“So, what does the other guy look like?” Miguel asked, jokingly.
From behind Brett, Bunny put his forefinger to his lips in a shushing motion telling Miguel to cool it.
Brett didn’t notice. It hurt just to walk. There was ample evidence on his face that he had been in a fight.
Standing behind Brett, Bunny silently held up five fingers.
Miguel’s eyebrows shot to his hairline and Miguel mouthed “Five other guys?”
Bunny nodded his head in confirmation.
Bunny let Brett get ahead of him.
“Tell the guys were are in Indian country. The boss got jumped by five thugs last night. If they don't understand what Injun Country rules are, explain it to them” Bunny said. "And you might tell them this is not a good day to give the boss any shit."
“So, getting back to the original question, what do the other guys look like?” Miguel asked.
“I talked to the waitress. She said that four of the five were carted away in ambulances. Lots of busted furniture. The boss air-mailed one of them through the plate-glass window” Bunny said.
“Did the police file charges?” Miguel asked.
“Nope. The waitress heard everything. The thugs claimed the boss called one of them a ‘nigger’.” Bunny said. "The boss didn't say a word, just took care of business."
“And the cops believed the waitress?” Miguel asked.
“They should. She grew up in West Africa before coming to school over here. I reckon she knows the word ‘nigger’ when she hears it.”
After dropping the phone off at the courier for hand-carried, overnight delivery to Houston the previous night, Bunny did damage control.
Brett had already offered his company card to pay for damages. The manager was stunned. Nobody ever offered to pay damages. That is what insurance was for. Brett insisted that he draw $5000 and told the manager to reverse charges for what wasn’t used. Insurance doesn't cover everything.
Bunny tipped Judi, Brett’s waitress, a $100 and assured her Brett was going to be fine. He also apologized for the mess and extra work and hoped she would understand that Brett would not be eating there anymore.
Making a wild stab in the dark, Bunny ask Judi if she was the one who had found the phone and given it to Brett.
It was a good guess. “Yes, mister it was me. I saw what that girl was trying to do and there was no way I could let her have that phone back.”

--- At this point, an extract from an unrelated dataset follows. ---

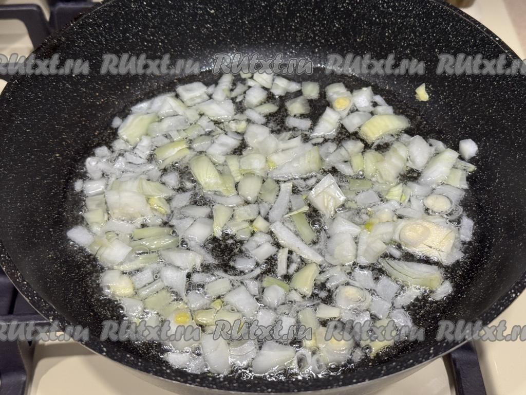 В сковороду влить растительное масло, разогреть, выложить мелко нарезанную луковицу. Обжарить лук на среднем огне до прозрачности (примерно в течение 3-4 минут), не забывая время от времени перемешивать.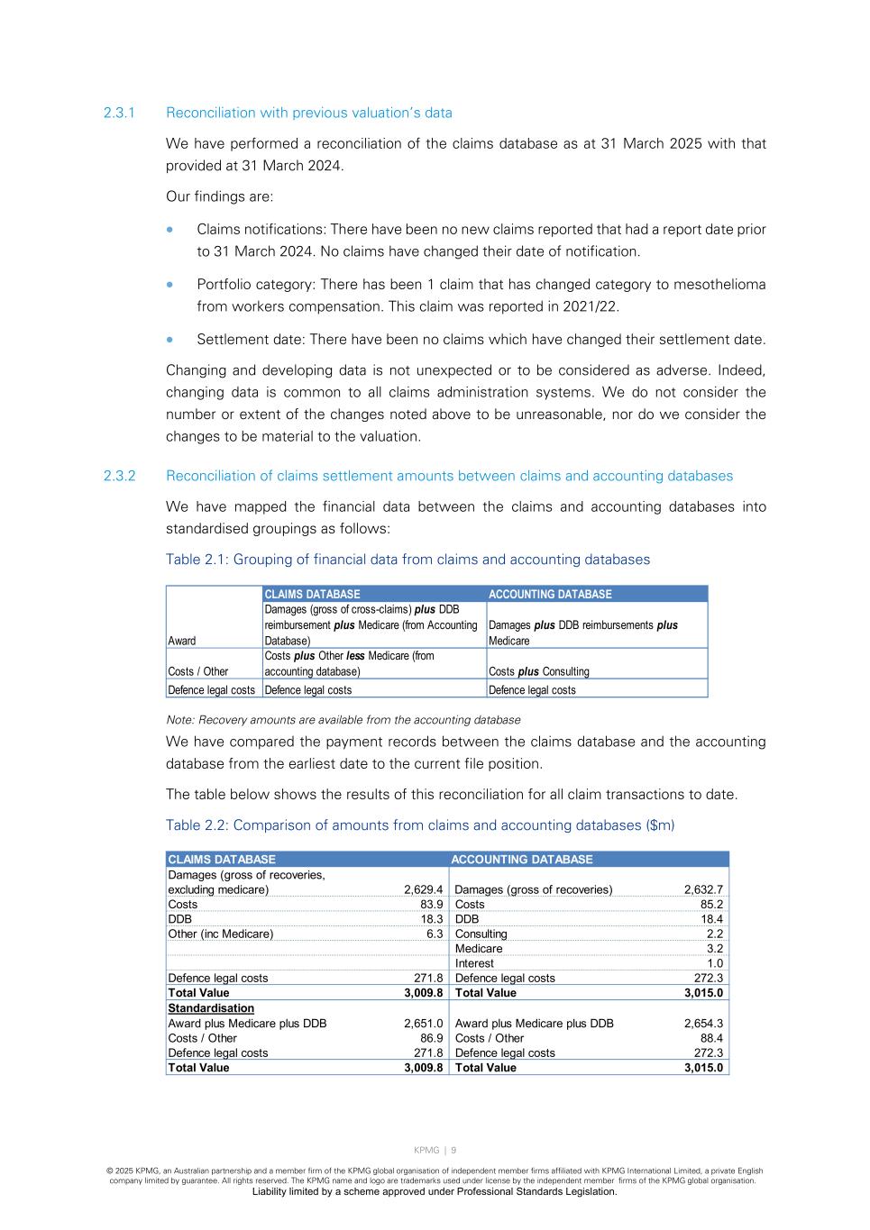 KPMG | 9 © 2025 KPMG, an Australian partnership and a member firm of the KPMG global organisation of independent member firms affiliated with KPMG International Limited, a private English company limited by guarantee. All rights reserved. The KPMG name and logo are trademarks used under license by the independent member firms of the KPMG global organisation. Liability limited by a scheme approved under Professional Standards Legislation. 2.3.1 Reconciliation with previous valuation’s data We have performed a reconciliation of the claims database as at 31 March 2025 with that provided at 31 March 2024. Our findings are: • Claims notifications: There have been no new claims reported that had a report date prior to 31 March 2024. No claims have changed their date of notification. • Portfolio category: There has been 1 claim that has changed category to mesothelioma from workers compensation. This claim was reported in 2021/22. • Settlement date: There have been no claims which have changed their settlement date. Changing and developing data is not unexpected or to be considered as adverse. Indeed, changing data is common to all claims administration systems. We do not consider the number or extent of the changes noted above to be unreasonable, nor do we consider the changes to be material to the valuation. 2.3.2 Reconciliation of claims settlement amounts between claims and accounting databases We have mapped the financial data between the claims and accounting databases into standardised groupings as follows: Table 2.1: Grouping of financial data from claims and accounting databases Note: Recovery amounts are available from the accounting database We have compared the payment records between the claims database and the accounting database from the earliest date to the current file position. The table below shows the results of this reconciliation for all claim transactions to date. Table 2.2: Comparison of amounts from claims and accounting databases ($m) CLAIMS DATABASE ACCOUNTING DATABASE Award Costs / Other Defence legal costs Defence legal costs Defence legal costs Damages (gross of cross-claims) plus DDB reimbursement plus Medicare (from Accounting Database) Damages plus DDB reimbursements plus Medicare Costs plus Other less Medicare (from accounting database) Costs plus Consulting CLAIMS DATABASE ACCOUNTING DATABASE Damages (gross of recoveries, excluding medicare) 2,629.4 Damages (gross of recoveries) 2,632.7 Costs 83.9 Costs 85.2 DDB 18.3 DDB 18.4 Other (inc Medicare) 6.3 Consulting 2.2 Medicare 3.2 Interest 1.0 Defence legal costs 271.8 Defence legal costs 272.3 Total Value 3,009.8 Total Value 3,015.0 Standardisation Award plus Medicare plus DDB 2,651.0 Award plus Medicare plus DDB 2,654.3 Costs / Other 86.9 Costs / Other 88.4 Defence legal costs 271.8 Defence legal costs 272.3 Total Value 3,009.8 Total Value 3,015.0

“How did you get it from her?” Bunny asked, curious.
“She left it on the table when she go to help her boyfriends. She a little late though. She the one the big boy throw trew da window.”
Bunny had been in his fair share of “scuffles”. He knew better than to ask Brett what happened. It just turns into a blur. Bodies in front of and behind you. Hands grabbing you. You don’t see faces or colors or clothing. You see targets and act accordingly.
Bunny peeled a couple more hundreds out of his wallet and a business card. “I don’t know what you get paid, but if you ever want to make real money, get a job working in the petroleum industry. Tell them Bunny Hefflescour sent ya.”
"Show them the card. I ain't like some people. I might hand out two business cards a year. They mean something."
She gave him the look. She wanted to take them but it didn’t seem right.
“I am going to leave them on the table. Either you get them or the bus-boy does.”
And then Bunny walked out.
Bunny’s next call was to Brett’s boss. Bunny explained what he knew and said the phone should be arriving by courier early the next morning.
The tech weenies in Houston sucked out the phone's brains and rapidly parsed through it with big-screen monitors.
A half-hour after they had downloaded it, Brett’s boss was on the phone. He didn’t call his Representative or Senators. He called his competitors.
Invariably, his competitors answered with “Good morning Mikhail. What can I do for you?”
They were cut-throat competitors but some issues transcend simple business. Nobody used the private numbers unless it was important. VERY important.
Mikhail prefaced the conversation with “We have a problem.”
The second thing he said was "I have a video I want to send you."